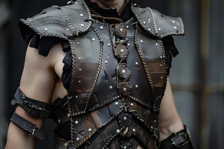 Muscular warrior wearing handmade leather armor is posing outdoors
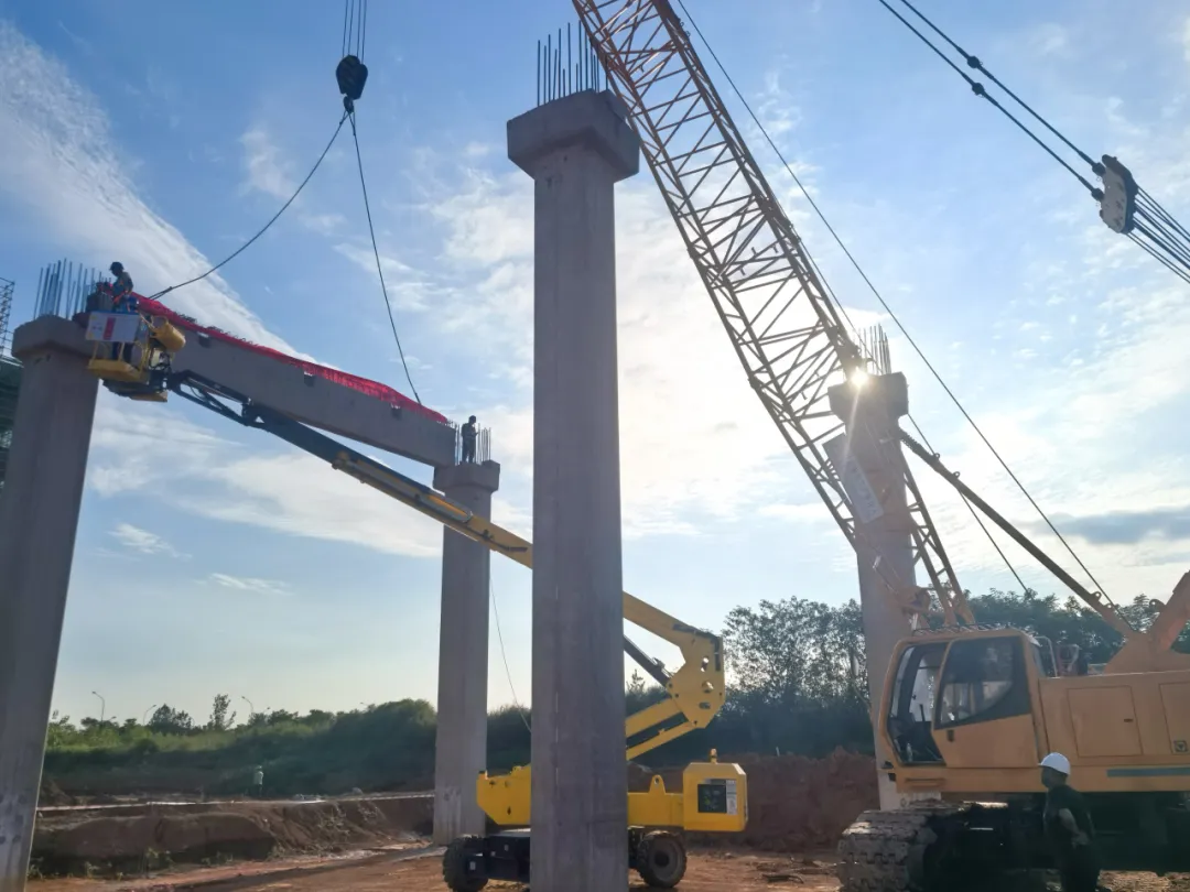 項(xiàng)目直擊丨航發(fā)智慧物流園018號(hào)項(xiàng)目首片預(yù)制梁精準(zhǔn)吊裝到位
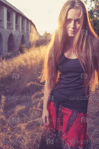 Блондинка на фоне осеннего заката

--*--

Return the full listing exactly as it appears above, without its pictures.

 Muscular warrior wearing handmade leather armor is posing outdoors
 項(xiàng)目直擊丨航發(fā)智慧物流園018號(hào)項(xiàng)目首片預(yù)制梁精準(zhǔn)吊裝到位
 Блондинка на фоне осеннего заката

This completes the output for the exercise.